** Dataset excerpt follows **
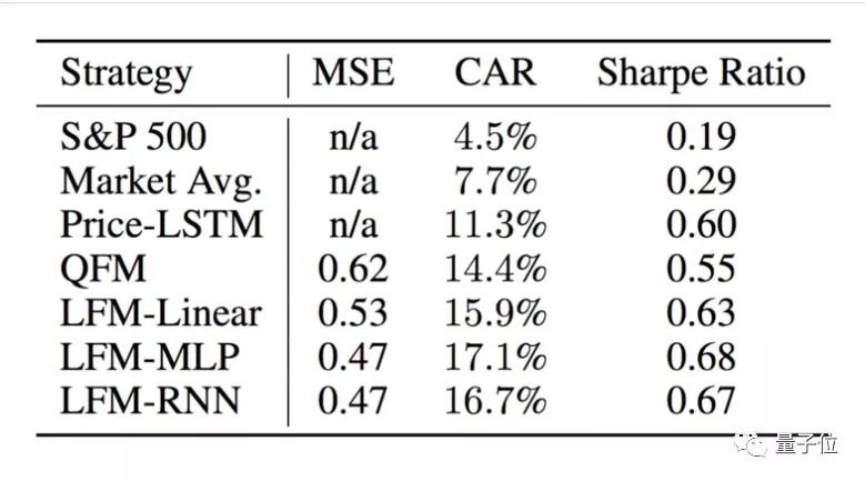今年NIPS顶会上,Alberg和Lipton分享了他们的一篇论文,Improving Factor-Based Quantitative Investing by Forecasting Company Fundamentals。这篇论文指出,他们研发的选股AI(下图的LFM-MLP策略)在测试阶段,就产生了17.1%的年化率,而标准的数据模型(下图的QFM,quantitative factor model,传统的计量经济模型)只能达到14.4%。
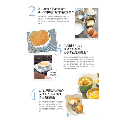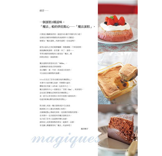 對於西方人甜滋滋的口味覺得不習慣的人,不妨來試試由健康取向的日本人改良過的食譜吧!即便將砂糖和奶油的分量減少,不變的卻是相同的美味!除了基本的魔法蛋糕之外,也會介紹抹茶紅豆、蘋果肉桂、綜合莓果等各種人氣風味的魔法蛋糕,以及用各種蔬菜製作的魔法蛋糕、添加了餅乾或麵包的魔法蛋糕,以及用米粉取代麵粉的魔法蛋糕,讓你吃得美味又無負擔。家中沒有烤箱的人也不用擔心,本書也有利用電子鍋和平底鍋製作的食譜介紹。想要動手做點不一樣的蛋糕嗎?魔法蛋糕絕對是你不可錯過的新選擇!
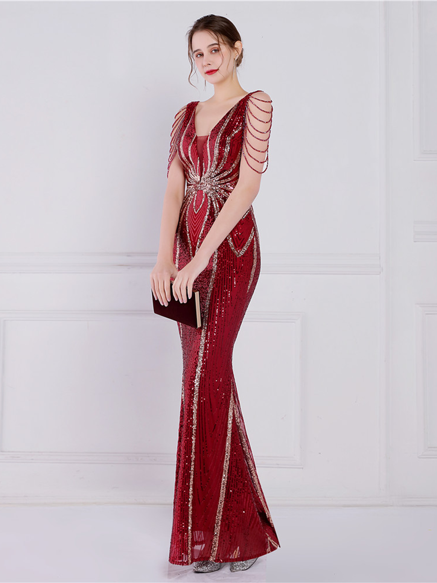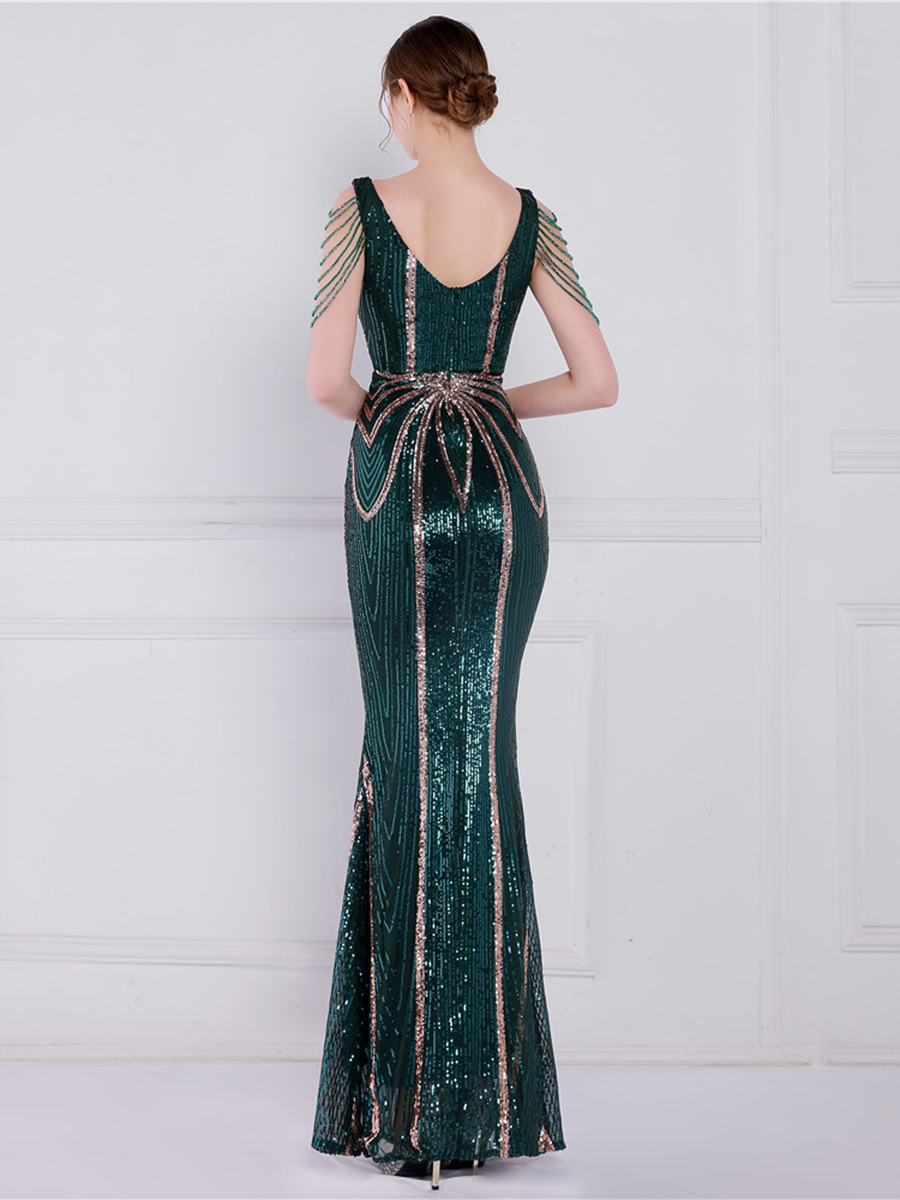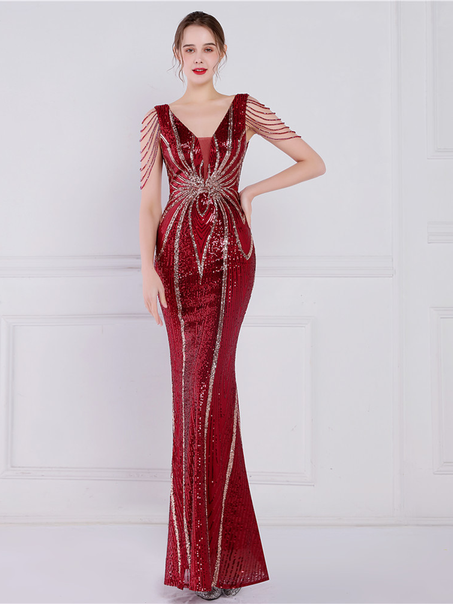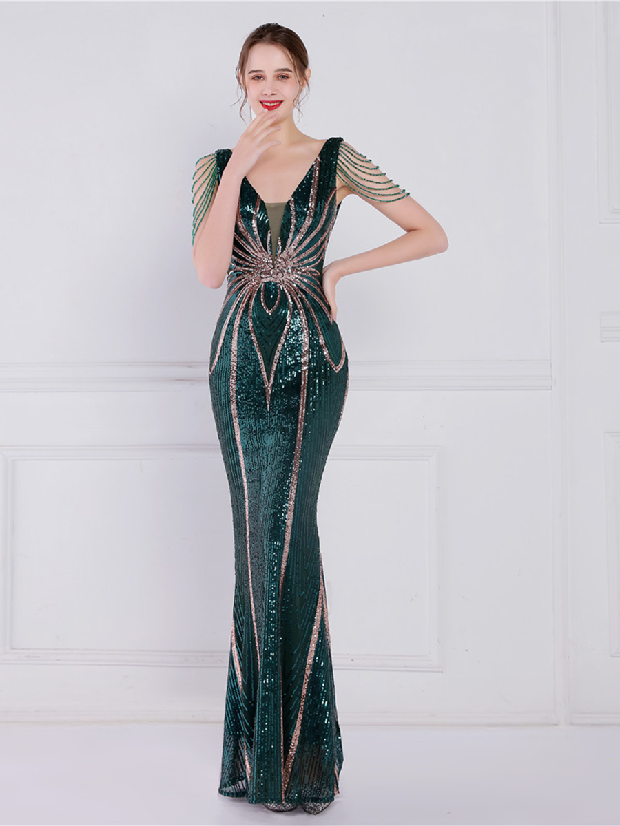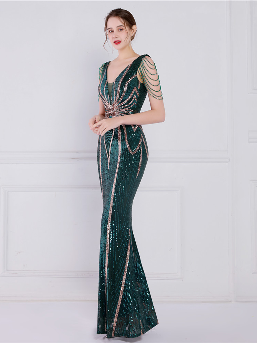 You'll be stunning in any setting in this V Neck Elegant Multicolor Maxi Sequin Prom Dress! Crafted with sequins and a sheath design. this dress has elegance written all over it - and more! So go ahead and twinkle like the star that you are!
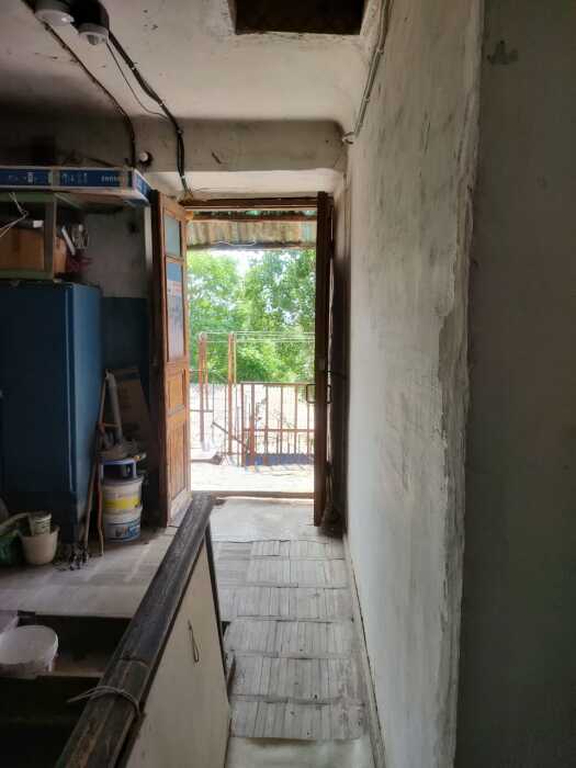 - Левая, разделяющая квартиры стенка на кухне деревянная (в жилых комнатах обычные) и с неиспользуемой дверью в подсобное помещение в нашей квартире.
** End of Dataset excerpt **
◆ **What needs to be done**: Without including a single picture, restate all of the data word for word.

◆ **Response for this exercise**:
今年NIPS顶会上,Alberg和Lipton分享了他们的一篇论文,Improving Factor-Based Quantitative Investing by Forecasting Company Fundamentals。这篇论文指出,他们研发的选股AI(下图的LFM-MLP策略)在测试阶段,就产生了17.1%的年化率,而标准的数据模型(下图的QFM,quantitative factor model,传统的计量经济模型)只能达到14.4%。
 對於西方人甜滋滋的口味覺得不習慣的人,不妨來試試由健康取向的日本人改良過的食譜吧!即便將砂糖和奶油的分量減少,不變的卻是相同的美味!除了基本的魔法蛋糕之外,也會介紹抹茶紅豆、蘋果肉桂、綜合莓果等各種人氣風味的魔法蛋糕,以及用各種蔬菜製作的魔法蛋糕、添加了餅乾或麵包的魔法蛋糕,以及用米粉取代麵粉的魔法蛋糕,讓你吃得美味又無負擔。家中沒有烤箱的人也不用擔心,本書也有利用電子鍋和平底鍋製作的食譜介紹。想要動手做點不一樣的蛋糕嗎?魔法蛋糕絕對是你不可錯過的新選擇!
 You'll be stunning in any setting in this V Neck Elegant Multicolor Maxi Sequin Prom Dress! Crafted with sequins and a sheath design. this dress has elegance written all over it - and more! So go ahead and twinkle like the star that you are!
 - Левая, разделяющая квартиры стенка на кухне деревянная (в жилых комнатах обычные) и с неиспользуемой дверью в подсобное помещение в нашей квартире.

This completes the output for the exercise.